= Ultra Narrowband =

In communication engineering, Ultra NarrowBand (UNB) systems are those in which the channel has a very narrow bandwidth.

== Technical characteristics ==

An ultra narrowband receiver is highly selective and can reject noise and interference which may enter the receiver outside its narrow bandwidth, enabling an acceptable signal-to-noise ratio to be achieved with a relatively weak received signal. Consequently, transmitter power levels can be low and the effective range of transmissions may be greater than would typically be the case for technologies which do not provide such selectivity. Some other radio technologies, such as direct sequence spread spectrum and chirp spread spectrum, employ alternative approaches to selectively extract signals from interference and noise. Typical UNB systems operate with a bandwidth of a few 10s to a few 100s Hz and are used for the transmission and reception of digital signals.

The use of highly selective filters in UNB receivers can provide very effective rejection of UNB signals from other UNB devices on adjacent carrier frequencies, permitting the operation of many devices in a limited geographical area.

== UNB LPWAN ==

UNB technology is often used where links from very high numbers of devices are needed, with relatively small amounts of data being exchanged on each link.
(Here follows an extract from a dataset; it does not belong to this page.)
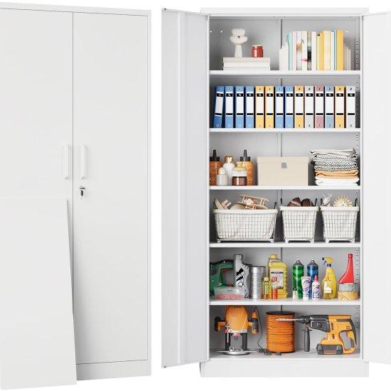 Dolap 5 adet ayarlanabilir rafa sahiptir. Bu özellik, farklı boyutlardaki eşyaları düzenli bir şekilde depolamanıza olanak tanır. Mutfak, ofis, garaj, ev veya atölye gibi çeşitli alanlarda kullanılabilir.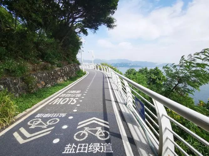 盐田海滨栈道全场19.5公里,西起中英街古塔公园,沿黄金海岸线,串联起沙头角、盐田港、大小梅沙,背仔角灯塔为终点”。路面平缓而细长,是一条非常舒适静谧治愈的观海大道。

Some such applications can be found in the Internet of things, with UNB being one of the technologies that have been used to implement Low-Power Wide Area Networks. Short, infrequent transmissions with low transmit power can enable long-life, battery-powered operation of UNB devices connected in a LPWAN.

UNB LPWAN often operate on VHF or UHF frequencies where radio signal propagation characteristics are suited to typical UNB applications with ranges of 10 km or greater. They may be deployed in a shared spectrum (ISM band)

Typical properties of UNB devices operating in the UHF spectrum below 1 GHz have been described by ETSI; whilst specific UNB-based protocols for the implementation of LPWAN have also been standardised (alongside others) by ETSI.